21 Ağustos 2010 Cumartesi

The Punisher

inceleme
1989 yapımı The Punisher, Marvel’in aynı adlı çizgi roman kahramanının ilk sinema uyarlaması. Dolph Lundgren’in Frank Castle rolünü oynadığı filmde yönetmenliği ise Mark Goldblatt yapıyor.
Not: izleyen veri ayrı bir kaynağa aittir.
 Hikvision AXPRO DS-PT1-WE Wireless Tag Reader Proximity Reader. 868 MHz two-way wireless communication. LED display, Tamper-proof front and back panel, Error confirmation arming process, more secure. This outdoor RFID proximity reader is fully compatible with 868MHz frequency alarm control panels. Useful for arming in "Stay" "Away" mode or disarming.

The Punisher’ın bir kaç çizgi romanını da okumuş biri olarak öncelikle konudan kısaca bahsedeyim. Frank, diğer Marvel karakterlerinin aksine evrim geçirmiş bir süper kahraman değil. Tersine bir anti kahramandır. Aslında oldukça başarılı bir polis olan Frank’in kötü adamlar tarafından ailesi hunharca katledilir. Frank o dakikadan itibaren intikam almaya ve kötüleri yok etmeye yemin eder. Kötülerin korkulu rüyası haline gelen bir infazcı haline gelir. Yani amacı intikamın ötesine geçer.
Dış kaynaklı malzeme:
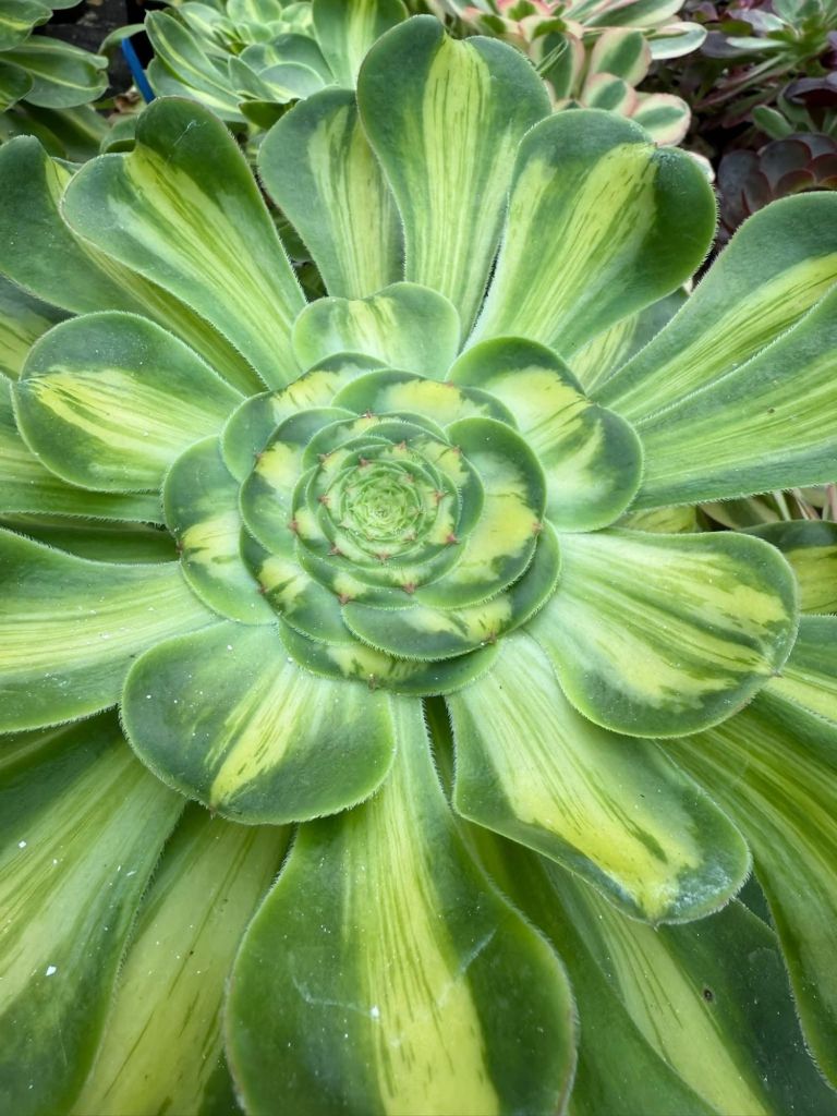 ORIGINE : Mutation de l’Aeonium ‘Poseidon’ qui est lui même issu de la mutation de l’Aeonium undulatum.

İlk kez 1974’te Spider Man’in bir macerasında görünen, ardından kendi başına bir karakter haline gelen Punisher, çok tipik bir vigilante karakteridir. Hikaye açısından bakıldığında Mad Max ve Death Wish gibi filmlere esin kaynağı olduğunu söyleyebiliriz. Frank’i diğer vigilante karakterlerine göre daha özel yapan husus ise onun oldukça sert ve acımasız olmasıdır. Çizgi romanlardaki bir macerasında yüz yaşında, tekerlekli sandalyedeki bir adama kurşun yağdıracak kadar acımasızdır. Yani kötüye karşı hiç bir merhameti yoktur. Kendisinin de deyimiyle öldürdükçe huzura kavuşan bir karakterdir.
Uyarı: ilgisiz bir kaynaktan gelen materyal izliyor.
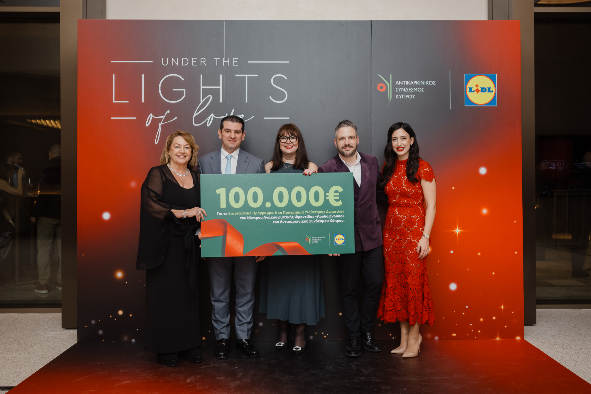 Τεράστια επιτυχία σημείωσε το επετειακό φιλανθρωπικό δείπνο αγάπης «Under the Lights of Love», που πραγματοποιήθηκε στο ξενοδοχείο The Landmark Nicosia. Η Lidl Κύπρου κάλυψε πλήρως τα έξοδα της βραδιάς, ενώ το σύνολο των εσόδων θα διατεθεί για την ενίσχυση του Κέντρου Ανακουφιστικής Φροντίδας «Αροδαφνούσα».

Filme geçicek olursak, her ne kadar vizyona girdiği dönemde video ve TV furyasına hitap eden bir uyarlama olarak atfedilse de, bana kalırsa gayet iyi bir aksiyon filmidir. Çizgi romanın sıkı bir okuyucusu ve hayranı olmadığımdan, iyi bir uyarlama olup olmadığına dair net bir fikir belirtemeyeceğim. Ancak kendi başına film olarak gayet iyi bir seyirlik. Yalnız şunu da belirtmek gerekir ki, filmin senaryosundaki kimi boşluklar göze çarpmıyor değil. Mesela filmin girişi oldukça hızlı gelişiyor. Frank’in geçmişine dair hikayesi bize bir TV haberi aracılığıyla hızlıca veriliyor. Ardından Frank’i direkt aksiyonun içinde görüyoruz. Bu durum filme ilk başta yabancılaşmamıza sebep oluyor. Belli ki fazlaca detaya girip, kafa bulandırmak istememişler.


Film, diğer vigilante filmlerinde olduğu gibi yine adalet kavramına dair oldukça olumsuz argümanlarda bulunuyor. Kötülerin dünyada gerçek cezasını çekebilmesi, ancak bu tür bir anti kahramanın varolması ile mümkün olacağı gerçeği yüzümüze sık sık vuruluyor. Hukukun ve kanunların yetersizliği, eninde sonunda hep masum insanların başını yakıyor. Frank’in ailesinin katledilişi ve filmde masum çocukların kaçırılışı buna örnek gösterilebilir. Bu doğrultuda Frank Castle, adalet arayışının sert ve kanlı bir sembolü olarak film boyunca karşımıza çıkıyor. Filmin afişinde yer alan "if society won't punish the guilty, he will"(eğer toplum suçlulara cezalarını vermezse, o verecek) sözü bu anlamda oldukça manidar.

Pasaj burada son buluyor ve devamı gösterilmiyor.